Silver Lake is in the Withlacoochee River.
Pros: Close to home and cheap fees. 
Scenic and remote river sections...pretty
cool place.
Cons: Some don't like tannic water..
Salt: Ft. Desoto Park in Pinellas County.
It is a Pinellas County Park.
Pros: Great campground, world class
beach, good fishing...Great place!
Cons: Farther from home, much more 
expensive, will be crowded- Site reservations
can be made online and 10% of sites
are reserved for walk-ups...If no reserv.
BE THERE AT 7AM FRI FOR WALK UP SITE!
I'm sure others will chime in.

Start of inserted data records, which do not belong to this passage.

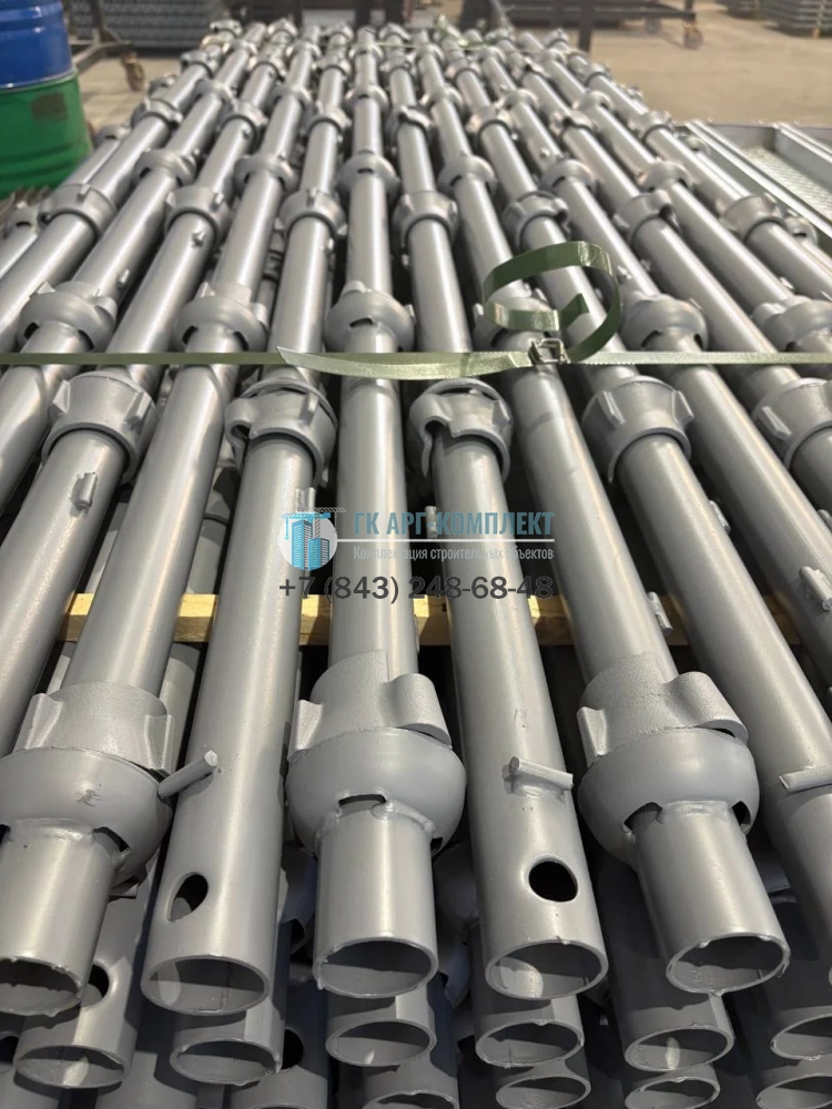 Необходимая высота конструкции достигается путем соединения вертикальных стоек с горизонтальными ригелями через специальные замки-чашки. Эти уникальные замки, при фиксации, гарантируют высокую точность позиционирования и исключительную жесткость всей собранной системы.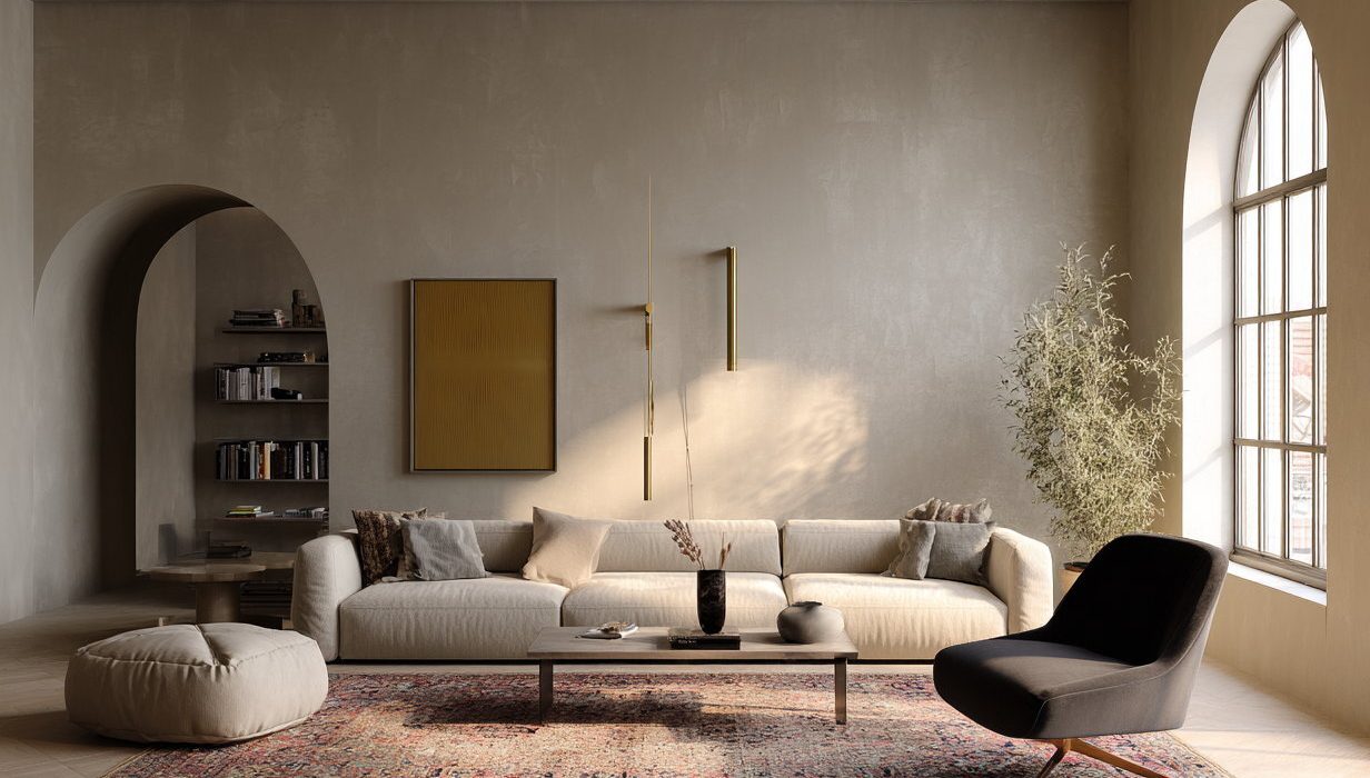 - For example: Arched passageways, crescent-shaped sofas, and wave-like walls that soften the room’s rhythm.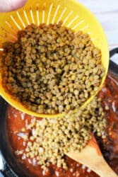 You could start with the directions to cook Slow Cooker Lentils. Then drain and add in the sauce items and stir. Allow to sit for at least 30 minutes. This is kinda’ a thicker version of our Lentil Stew Recipe we love too.
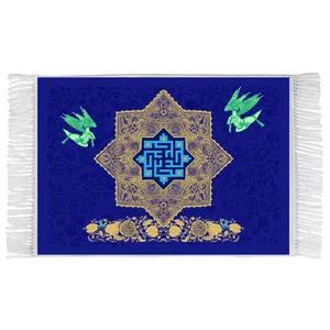 فرش ماشینی دیوارکوب اطلس آبی طرح و توکلت علی الله مدل T3352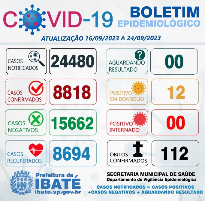 A Secretaria Municipal de Saúde de Ibaté, através da Vigilância Epidemiológica e do Gabinete de Prevenção e Monitoramento do Coronavírus, divulgou o Boletim Epidemiológico sobre a situação da Covid-19, no município.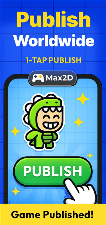 Games can be shared globally with just one click, allowing others to play and review them instantly. Max2D also supports exporting APK and AAB files, making it possible to publish games directly to the Google Play Store and reach a wider audience.

Good luck, Dave


----------



## Brett (Jul 16, 2008)

Long Point Campground
East coast just north of Sebastian Inlet

Tomoka State Park
Ormond Beach


----------



## Big_Fish (Dec 10, 2006)

Tomoka is very good


----------



## boggob (Feb 20, 2007)

Canaveral National Seashore:
http://www.nps.gov/cana/planyourvisit/upload/bc_camping.pdf


----------



## Bissell (Feb 27, 2010)

kars park, i think is how its spelled, in merrit island, it is the NMZ but outstanding fishing, last time i was there we had a few trout and saw reds everywhere, watcha someone in a jon boat jump about a 120 lb. poon and caught a 12 lb. sailcat! ( says my handy-dandy boga) i made good use of it as it pulled me back to the ramp ;D


----------



## DuckNut (Apr 3, 2009)

Cedar Key - rainbow campground. Around $20, close to home but mile from ordinary. Public ramp and excellent fishing.


----------